PROBLEM TO WORK ON:
Write out every record below exactly as given. Leave the pictures out.

Items from a data source
= = = =

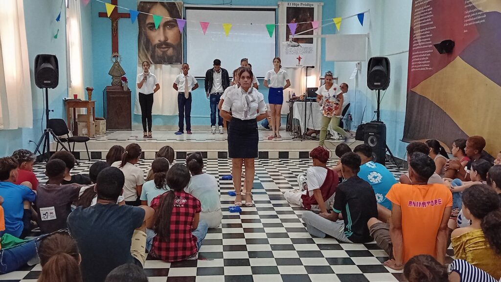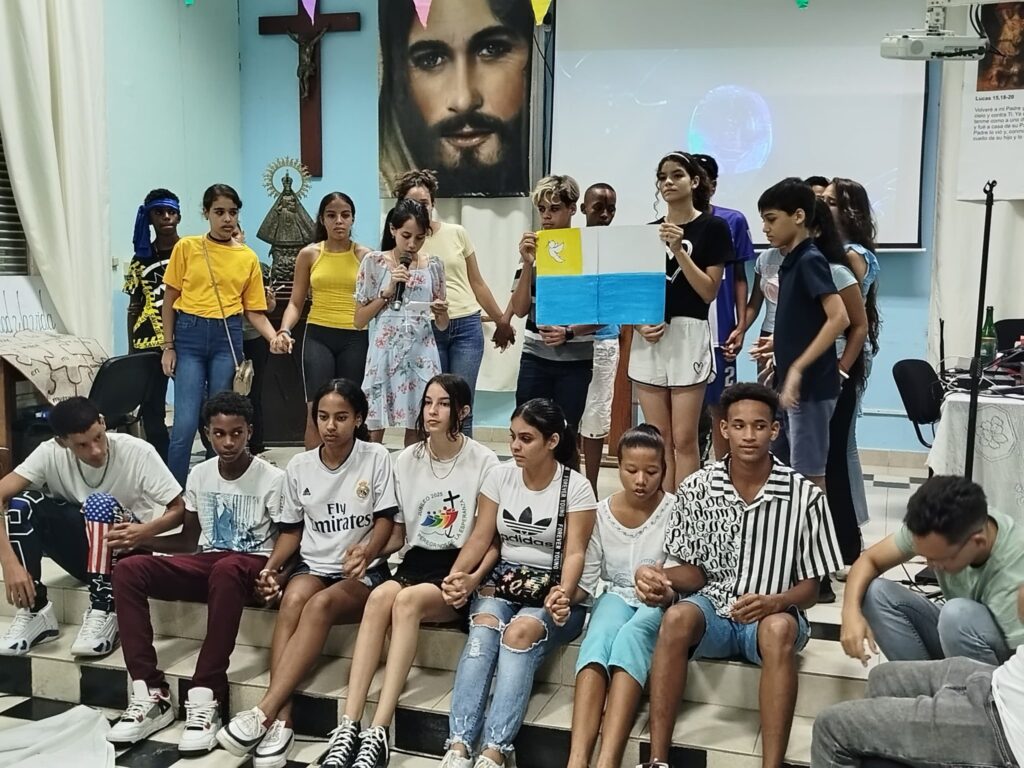 Bajo el lema: para Dios todo es posible, juntos vivieron momentos de entrega, oración y juegos. Prevaleciendo la alegría, como verdaderos «Peregrinos de Esperanza». Este compartir estuvo a la altura de estos tiempos dónde los adolescentes experimentaron nuevas y profundas experiencias de fé. La primera noche peregrinaron hasta los pies de la Caridad rezando el Rosario Misionero. Una intención especial por cada continente, por sus sueños, dolores y sufrimientos. En particular, rezaron por esos países que hoy cargan el dolor por la guerra. Aunque se hizo una intención profundamente marcada por el pueblo cubano, por los que están y por los que un día se nos fueron.
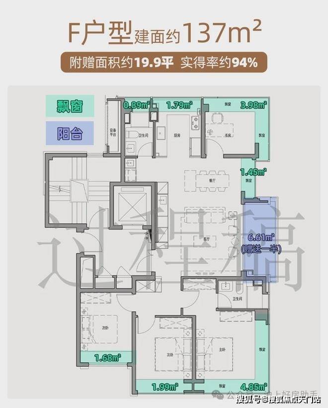 2、附赠空间拉满:赠送面积约17㎡!地毯率约82%!主卧套房270°飘窗+步入式衣帽间+独立卫浴设计拥有4个飘窗,尊崇感与实用性拉满!室内满飘窗结构 ,有效延伸空间,让各空间的居者都拥有独立的兴趣天地,男女主人在270°飘窗瞰景聊天、孩子在自己的私密空间拼乐高、老人在飘窗习字品茶,丰富生活场景皆在眼前~
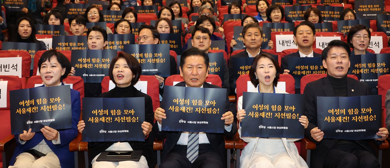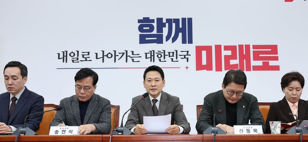 2일 국회에서 열린 ‘서울여성전진대회’에서 정청래 더불어민주당 대표(앞줄 가운데) 등이 구호를 외치고 있다(위 사진). 같은 날 장동혁 국민의힘 대표(가운데)가 최고위원회의에서 발언하고 있다. 국민의힘은 ‘사법 3법’에 대해 대통령의 거부권 행사를 촉구하며 오늘(3일) 청와대로 도보행진할 예정이다. [뉴시스]
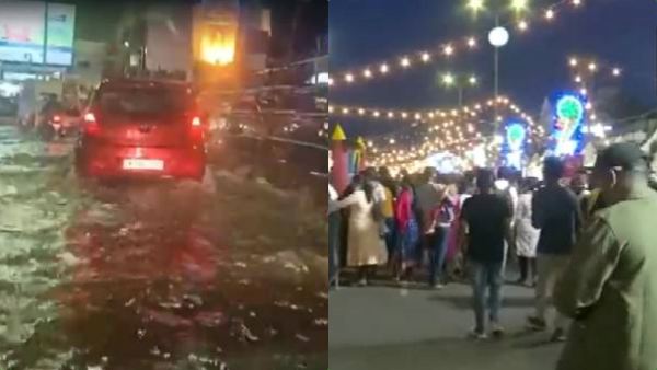 அப்போது திடீரென இரவு 8.45 மணிக்கு கனமழை கொட்டியது. இதனால் மக்கள் ஆங்காங்கே அமைக்கப்பட்டுள்ள உணவு ஸ்டால்களில் தஞ்சமடைந்தனர். கிட்டதட்ட 45 நிமிடங்களுக்கு விடாமல் கனமழை பெய்தது. கடற்கரை பக்கம் என்பதால் காற்று பயங்கரமாக வீசியது. இடி மின்னல் சப்தமும் அச்சத்தை ஏற்படுத்தியது.
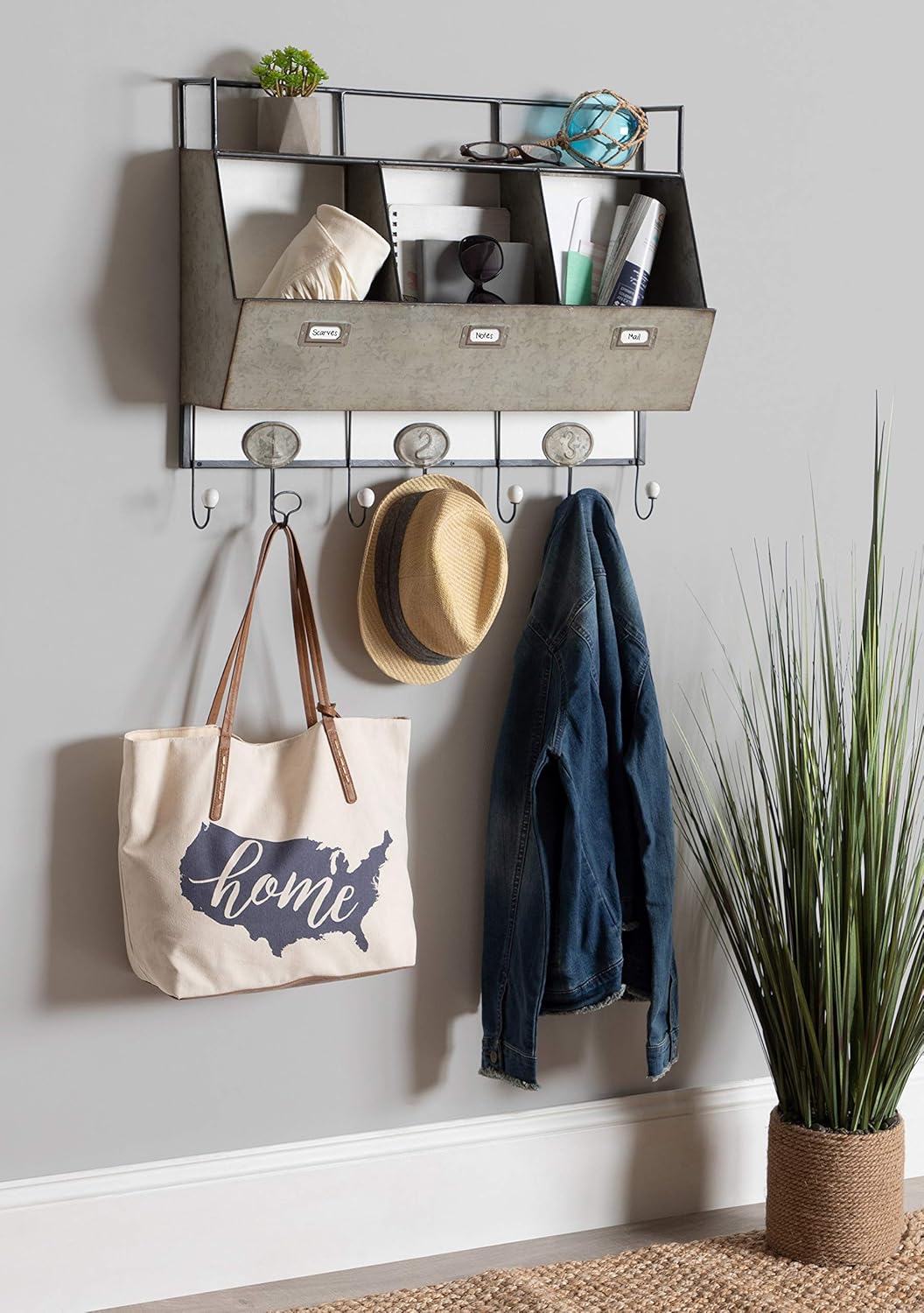 The Arnica 3-Pocket Wall Storage Unit with 7 metal hooks combines rustic farmhouse home decor with fantastic functionality
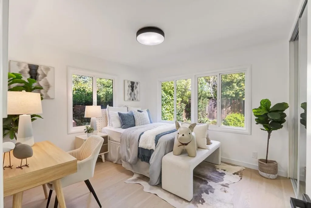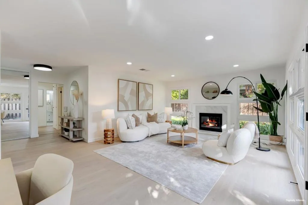 A just-completed whole-home update reimagines this Green Gables home with a fresh, cohesive style and excellent livability. The single-level floor plan has 3 bedrooms and 2 baths plus a spacious family room in addition to the formal living and dining room combination. New luxury vinyl plank flooring extends throughout, complemented by all new lighting, freshly painted interiors, and abundant natural light from updated and oversized windows. The remodeled eat-in kitchen features quartz counters and new appliances, and both bathrooms, including one en suite, have been refreshed with updated surfaces. A fireplace highlights the living/dining room as well as the family room. The wraparound yard offers expansive hardscape and lawn in a private setting, ideal for entertaining and play. The attached 2-car garage has new epoxy flooring. This outstanding location is just blocks from Rinconada Park and the library 1.5 miles to Stanford University and downtown Palo Alto, and has access to acclaimed Palo Alto schools.
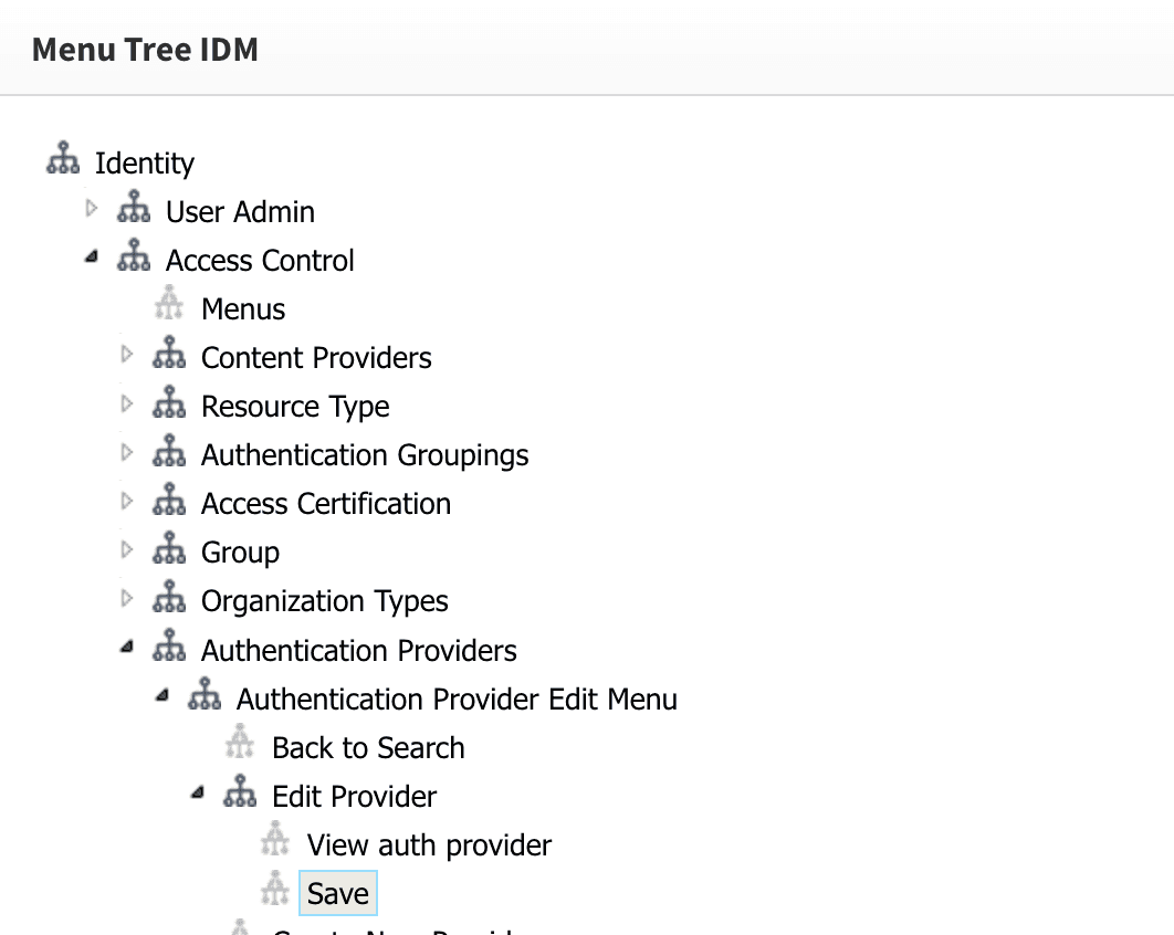 For example, you created a custom administrative role in Open IAM to provide access to operational staff. The role is working well except for the Save button being unavailable on the Authentication Provider screen. You can enable the save button on this screen by granting access to a menu, as shown below.

= = = =

EXERCISE RESULT:
 Bajo el lema: para Dios todo es posible, juntos vivieron momentos de entrega, oración y juegos. Prevaleciendo la alegría, como verdaderos «Peregrinos de Esperanza». Este compartir estuvo a la altura de estos tiempos dónde los adolescentes experimentaron nuevas y profundas experiencias de fé. La primera noche peregrinaron hasta los pies de la Caridad rezando el Rosario Misionero. Una intención especial por cada continente, por sus sueños, dolores y sufrimientos. En particular, rezaron por esos países que hoy cargan el dolor por la guerra. Aunque se hizo una intención profundamente marcada por el pueblo cubano, por los que están y por los que un día se nos fueron.
 2、附赠空间拉满:赠送面积约17㎡!地毯率约82%!主卧套房270°飘窗+步入式衣帽间+独立卫浴设计拥有4个飘窗,尊崇感与实用性拉满!室内满飘窗结构 ,有效延伸空间,让各空间的居者都拥有独立的兴趣天地,男女主人在270°飘窗瞰景聊天、孩子在自己的私密空间拼乐高、老人在飘窗习字品茶,丰富生活场景皆在眼前~
 2일 국회에서 열린 ‘서울여성전진대회’에서 정청래 더불어민주당 대표(앞줄 가운데) 등이 구호를 외치고 있다(위 사진). 같은 날 장동혁 국민의힘 대표(가운데)가 최고위원회의에서 발언하고 있다. 국민의힘은 ‘사법 3법’에 대해 대통령의 거부권 행사를 촉구하며 오늘(3일) 청와대로 도보행진할 예정이다. [뉴시스]
 அப்போது திடீரென இரவு 8.45 மணிக்கு கனமழை கொட்டியது. இதனால் மக்கள் ஆங்காங்கே அமைக்கப்பட்டுள்ள உணவு ஸ்டால்களில் தஞ்சமடைந்தனர். கிட்டதட்ட 45 நிமிடங்களுக்கு விடாமல் கனமழை பெய்தது. கடற்கரை பக்கம் என்பதால் காற்று பயங்கரமாக வீசியது. இடி மின்னல் சப்தமும் அச்சத்தை ஏற்படுத்தியது.
 The Arnica 3-Pocket Wall Storage Unit with 7 metal hooks combines rustic farmhouse home decor with fantastic functionality
 A just-completed whole-home update reimagines this Green Gables home with a fresh, cohesive style and excellent livability. The single-level floor plan has 3 bedrooms and 2 baths plus a spacious family room in addition to the formal living and dining room combination. New luxury vinyl plank flooring extends throughout, complemented by all new lighting, freshly painted interiors, and abundant natural light from updated and oversized windows. The remodeled eat-in kitchen features quartz counters and new appliances, and both bathrooms, including one en suite, have been refreshed with updated surfaces. A fireplace highlights the living/dining room as well as the family room. The wraparound yard offers expansive hardscape and lawn in a private setting, ideal for entertaining and play. The attached 2-car garage has new epoxy flooring. This outstanding location is just blocks from Rinconada Park and the library 1.5 miles to Stanford University and downtown Palo Alto, and has access to acclaimed Palo Alto schools.
 For example, you created a custom administrative role in Open IAM to provide access to operational staff. The role is working well except for the Save button being unavailable on the Authentication Provider screen. You can enable the save button on this screen by granting access to a menu, as shown below.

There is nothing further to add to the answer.